Students who knew Weise describe him as weird and antisocial, exhibiting some of the traits characterised by the psychoanalyst Alice Miller as "the loneliness of the contemptuous". Miller describes disrespect and contempt for others as "the weapon of the weak" which may have catastrophic effects when children become adults (or reach the middle teenage years, in Weise's case). Poor, effectively orphaned, avoided by classmates and sensitive to his status as a member of a racial minority, Weise was hardly in a position to learn that life - his own or anyone else's - had much value.

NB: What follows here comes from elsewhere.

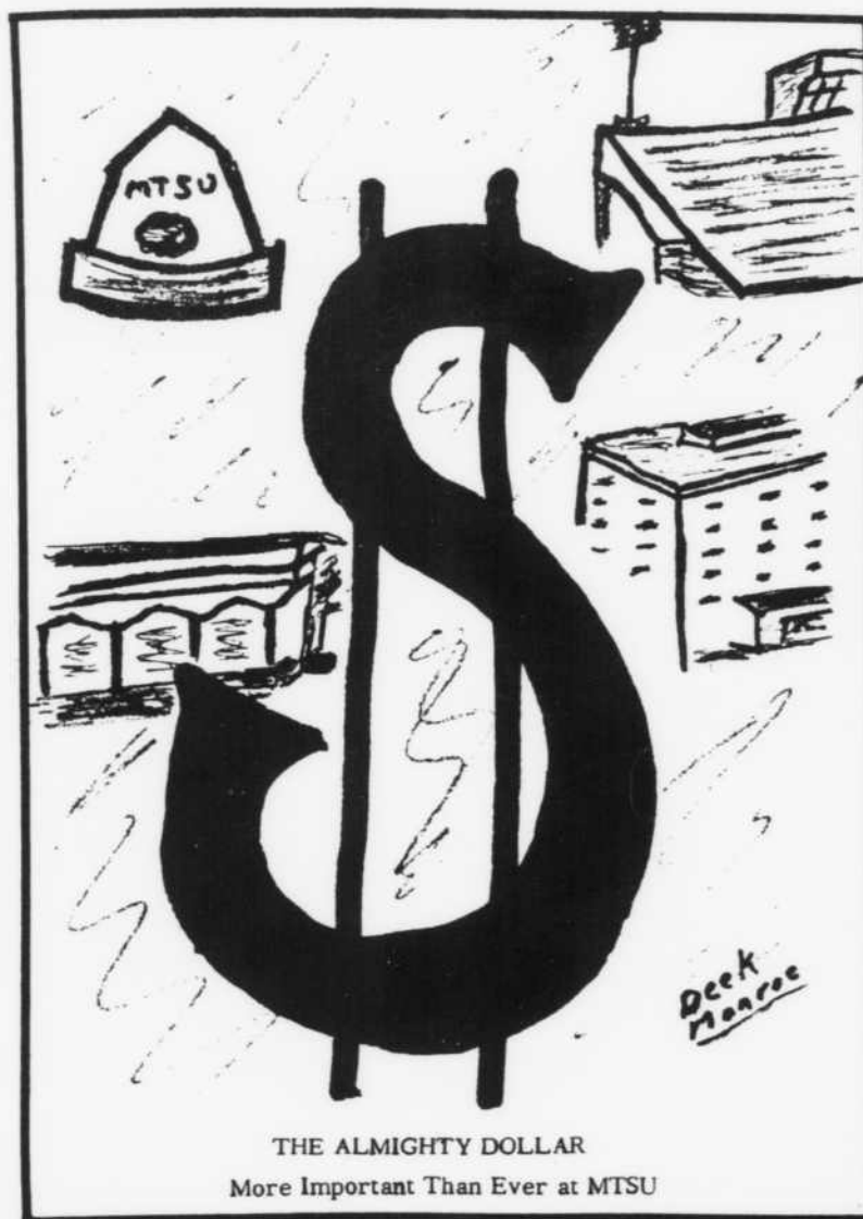
THE ALMIGHTY DOLLAR More Important Than Ever at MTSU

But by now more senators are wondering whether the appearance of conflict of interest means anything at all. And when the Haynsworth inquiry is over, they will begin to wonder whether the true role of the Department of Justice is to defend justice or make and unmake justices.

In Bush's America, where the political class has embarked on a mission to resuscitate the brain-dead, no one seems to have either the will or the power to intervene in the everyday existence of young people whose lives are going horribly awry. Whole sections of American society grow up with guns and violent death, if not the internecine rivalries of gang culture, making the right-to-life debate currently being conducted in Congress and the Florida courts seem like a surreal joke.

I don't think this is an accident. Politicians enjoy occupying the high moral ground and it is easier to emote about the pain of Mrs Schiavo's parents, Bob and Mary Schindler, than to address the disfiguring inequalities of the richest nation on earth - especially when you are personally implicated, as the current President is, in making those inequalities worse.

The Schindlers are not alone in refusing to accept a harsh medical fact, which is that their daughter has in effect been dead for 15 years; there have been cases on this side of the Atlantic in which family members, buoyed by false hope, refused to accept the inevitable. But Bush's public endorsement of a right to life is at best a diversion, at worst a sham, making it all the more shocking that so many members of Congress rushed to support him.

The new law may not "save" Mrs Schiavo, even assuming such a thing were possible, because the Florida district court is no more inclined to fly in the face of medical reality than its state counterpart. More surprisingly, so soon after elections in which a right-wing moral agenda played a significant role, opinion polls show a clear majority in favour of the proposition that the court decision should be respected In the Schiavo case, it may be that ordinary Americans have a more sophisticated grasp of the meaning of slogans such as the "right to life" than their political leaders. Or maybe the President's Superman costume split at the seams last weekend, revealing not Clark Kent but the smirking politician who helped more than 150 prisoners to an early exit from death row.